Thanks for the great discussion Suzy and for the invitation to participate.
Just a quick introduction to my recent experiences related to this topic. I
am an artist working in new media and have been working internationally in
maker spaces as well as organising and participating in hacks and art hacks
throughout the UK.
As an artist, I have benefited from some of the models and examples already
mentioned on this list, while trying to understand my role within them and
their effect on the ways artists are working now. In September 2014, was an
artist-in-residence at Digital Media Labs, for which respondent Dave Lynch
was one of the organisers. Later, in November 2014, I presented the work
that I created at DM Labs at the White Building during Irini’s Disobedient
Objects event. I was co-Lead-Artist on the Thinking Digital Arts // Hack in
Newcastle in 2014. I participated in Hack the Space at the Tate Modern
and sketched out some tips for artists participating in hacks during The
Yorkshire Hack at the Digital Utopias Conference:
While I have plenty to say about the above, I am going to use this space to
compare my two experiences working in China in 2008 and 2012, how I
approached these differently, and how they have affected my practice.

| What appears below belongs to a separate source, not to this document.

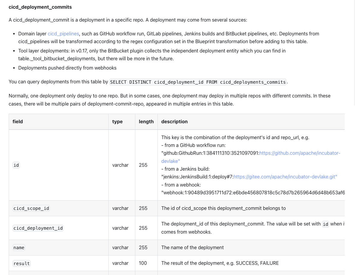 ### ⚠️ Pre Checklist > Please complete _ALL_ items in this checklist, and remove before submitting - [ ] I have `npm run build` and `npm run serve` locally before submitting this PR - [ ] I have read through the [Contributing](https://devlake.apache.org/community/) Documentation # Summary 1. add cicd_deployment_commits 2. update other cicd tables 3. update schema diagram ### Does this close any open issues? Closes #505 ### Screenshots  -- This is an automated message from the Apache Git Service. To respond to the message, please log on to GitHub and use the URL above to go to the specific comment. To unsubscribe, e-mail: [email protected] For queries about this service, please contact Infrastructure at: [email protected]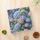 Des grappes de fleurs d'hydrangée vibrantes dans les tons bleu et violet avec des feuilles verts sur un arrière - plan doux et muet

In 2012, I was living and making work in China, where I did not have a
studio. To create my project, *Toast *(
http://blurringartandlife.com/vb/toast.html), I was working in a
“hot-desking” format at XinCheJian Hackerspace (http://xinchejian.com/) in
Shanghai and at Beijijng Makerspace (http://www.bjmakerspace.com/) in
Zhongguancun. Using these maker spaces as a studio-base allowed me to find
willing participants for my projects, draw upon shared equipment, and
locate other local resources. For *Toast*, I needed a bespoke
Perspex/plexiglass box. I interfaced with someone who I met at XinCheJian,
an artist/designer who runs an interior architecture startup. She invited
me to her studio where I was able to work with one of her team to draw up a
CAD design for my box and send it to be custom-made (something that would
be exceedingly difficult to source on my own with my limited Mandarin
abilities - I tried;) ). Also while in Shanghai, I became acquainted with
Core Labs, a company working at the intersection of art and technology with
a gallery space and office space where they create commercial and artistic
digital projects and host events. Core Labs were just starting in 2012 and
I missed their opening event by weeks, but would have liked to have gotten
to know them better had I stayed longer:
The most useful aspect of working out of the maker space venues was the
opportunity to meet other people working with art and technology, which led
me to other events, talks (including Barcamp Shanghai), conferences
(including Node.js), and exhibitions. I was also selected to participate in
the Shanghai Biennial IMMERSION: Art and Technology Workshops, which were
organized by (now NYC-based) curator Juliette Yuan and taught by Graham
Harwood, Roy Ascott, and others. These were presented in a
mentorship/workshop format that brought artists and student-artists
together to learn new skills and create collaborative projects.
These experiences from 2012 sit in contrast to my time in China in 2008
when I was in an artist-in-residence role at Imagine Gallery, Beijing.
During a month in residence, I independently created my 37 Red Hats project
http://blurringartandlife.com/vb/redhats.html. This was a more traditional
residency format, in which I was offered a place to work and live in a city
away from home. This type of residency offers space and time to work (both
welcome commodities for an artist), as well as varying degrees of exposure
to local artists or galleries, in this case, mostly other
artists-in-residence at Red Gate Gallery in adjacent studios.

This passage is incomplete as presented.